DATASET ENTRIES:
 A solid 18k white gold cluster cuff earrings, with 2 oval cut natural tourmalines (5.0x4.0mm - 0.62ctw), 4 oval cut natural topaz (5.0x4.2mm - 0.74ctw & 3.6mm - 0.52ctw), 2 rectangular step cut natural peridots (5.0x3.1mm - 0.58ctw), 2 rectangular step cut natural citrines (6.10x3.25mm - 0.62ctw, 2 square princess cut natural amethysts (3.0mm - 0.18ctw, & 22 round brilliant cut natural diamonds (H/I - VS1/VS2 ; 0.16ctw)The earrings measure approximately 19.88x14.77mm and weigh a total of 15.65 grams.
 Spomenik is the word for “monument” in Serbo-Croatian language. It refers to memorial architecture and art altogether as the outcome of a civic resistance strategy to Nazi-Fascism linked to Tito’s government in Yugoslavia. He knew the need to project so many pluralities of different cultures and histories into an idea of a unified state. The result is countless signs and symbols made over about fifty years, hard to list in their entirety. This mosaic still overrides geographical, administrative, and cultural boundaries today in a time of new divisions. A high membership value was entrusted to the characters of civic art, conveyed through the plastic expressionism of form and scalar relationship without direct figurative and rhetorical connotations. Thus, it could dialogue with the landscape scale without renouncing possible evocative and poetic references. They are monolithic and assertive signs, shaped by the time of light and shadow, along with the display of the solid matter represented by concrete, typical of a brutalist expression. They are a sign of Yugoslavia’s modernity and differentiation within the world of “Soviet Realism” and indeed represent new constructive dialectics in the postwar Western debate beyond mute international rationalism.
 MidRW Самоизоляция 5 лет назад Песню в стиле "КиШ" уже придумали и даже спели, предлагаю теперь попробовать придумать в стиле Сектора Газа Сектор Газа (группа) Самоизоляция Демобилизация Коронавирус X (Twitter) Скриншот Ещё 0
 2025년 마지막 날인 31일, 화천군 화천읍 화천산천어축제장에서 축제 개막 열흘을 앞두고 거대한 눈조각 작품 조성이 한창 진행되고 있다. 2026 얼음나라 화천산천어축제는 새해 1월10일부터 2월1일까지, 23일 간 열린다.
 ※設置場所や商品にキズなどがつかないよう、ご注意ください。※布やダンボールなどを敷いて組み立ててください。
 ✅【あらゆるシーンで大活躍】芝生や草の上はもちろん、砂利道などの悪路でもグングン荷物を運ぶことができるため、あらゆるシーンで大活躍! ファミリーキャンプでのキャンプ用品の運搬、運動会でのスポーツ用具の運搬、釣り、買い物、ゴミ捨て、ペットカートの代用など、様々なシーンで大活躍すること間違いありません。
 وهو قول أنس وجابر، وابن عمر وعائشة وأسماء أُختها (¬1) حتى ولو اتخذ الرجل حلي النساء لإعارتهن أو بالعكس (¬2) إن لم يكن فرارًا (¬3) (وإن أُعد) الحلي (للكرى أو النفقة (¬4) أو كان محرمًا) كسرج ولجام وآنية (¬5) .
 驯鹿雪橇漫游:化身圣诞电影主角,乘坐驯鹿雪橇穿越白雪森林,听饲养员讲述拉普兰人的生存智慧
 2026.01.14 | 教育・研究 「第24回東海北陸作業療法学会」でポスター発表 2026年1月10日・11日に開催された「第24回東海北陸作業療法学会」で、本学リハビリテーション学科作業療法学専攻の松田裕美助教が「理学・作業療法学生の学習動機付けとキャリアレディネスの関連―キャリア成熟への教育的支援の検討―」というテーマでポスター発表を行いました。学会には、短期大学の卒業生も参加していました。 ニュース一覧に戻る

YOUR GOAL: What you give back should be exactly the lines of the data above from the line with "Spomenik is the" through the line with "MidRW Самоизоляция 5", both of those included, and nothing more.

YOUR SOLUTION:
 Spomenik is the word for “monument” in Serbo-Croatian language. It refers to memorial architecture and art altogether as the outcome of a civic resistance strategy to Nazi-Fascism linked to Tito’s government in Yugoslavia. He knew the need to project so many pluralities of different cultures and histories into an idea of a unified state. The result is countless signs and symbols made over about fifty years, hard to list in their entirety. This mosaic still overrides geographical, administrative, and cultural boundaries today in a time of new divisions. A high membership value was entrusted to the characters of civic art, conveyed through the plastic expressionism of form and scalar relationship without direct figurative and rhetorical connotations. Thus, it could dialogue with the landscape scale without renouncing possible evocative and poetic references. They are monolithic and assertive signs, shaped by the time of light and shadow, along with the display of the solid matter represented by concrete, typical of a brutalist expression. They are a sign of Yugoslavia’s modernity and differentiation within the world of “Soviet Realism” and indeed represent new constructive dialectics in the postwar Western debate beyond mute international rationalism.
 MidRW Самоизоляция 5 лет назад Песню в стиле "КиШ" уже придумали и даже спели, предлагаю теперь попробовать придумать в стиле Сектора Газа Сектор Газа (группа) Самоизоляция Демобилизация Коронавирус X (Twitter) Скриншот Ещё 0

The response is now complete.